By Michael Hudson and Mark Saxon
Presented at the Annual AusIMM Uranium Conference
in Adelaide in June 2008 (PDF 2.5MB) 
Update on Sweden's Nuclear Policy - December 2007
Sweden's energy is provided by 47% nuclear power, 44% hydroelectric and 9% biofuels. The country is a world leader in nuclear efficiency research and disposal of nuclear waste which occurs in-country. Sweden ranks among the top countries in the world for reliance on nuclear power, as well as for power plant efficiency. The current government recently overturned a 27 year anti-nuclear power policy, and has approved the expansion of some nuclear plants.
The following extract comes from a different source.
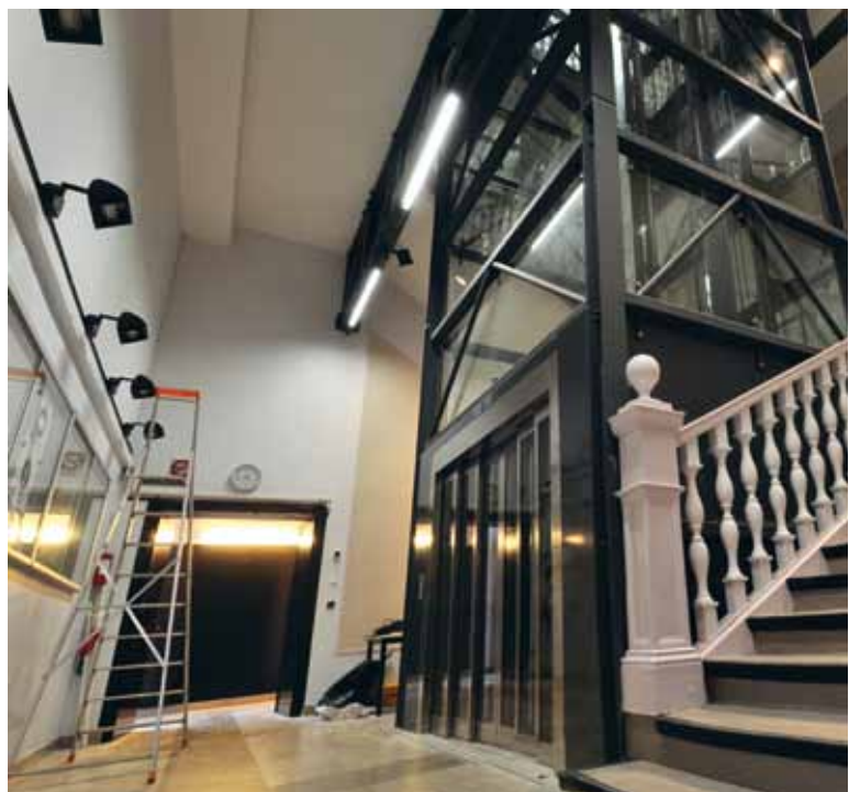
L'actualité du Conservatoire est sur : www.agglo-boulonnais.fr

Fort de ces trois sites d'enseignement de 1.200 élèves, le Conservatoire du Boulonnais démontre sa capacité à enseigner des pratiques artistiques, mais également sa volonté de se tourner vers des publics dans un cadre différent, scolaire notamment, mais également associatif. Il assure également une vie culturelle riche grâce à ses programmations tout au long de l'année. ■

In Sweden, the same legislation is applied to all minerals (including uranium) during the exploration phase. To gain approval for uranium mining, a company must apply to the national government for a ruling. There is no ban on uranium mining in Sweden today and the current government has stated it will review all uranium mining projects in light of the relevant legislation and environmental standards. The municipal government, where the specific project is located, retains a right of veto for uranium mining projects. Sweden's nuclear power plants require 1,500 tonnes of uranium fuel each year, all of which is imported.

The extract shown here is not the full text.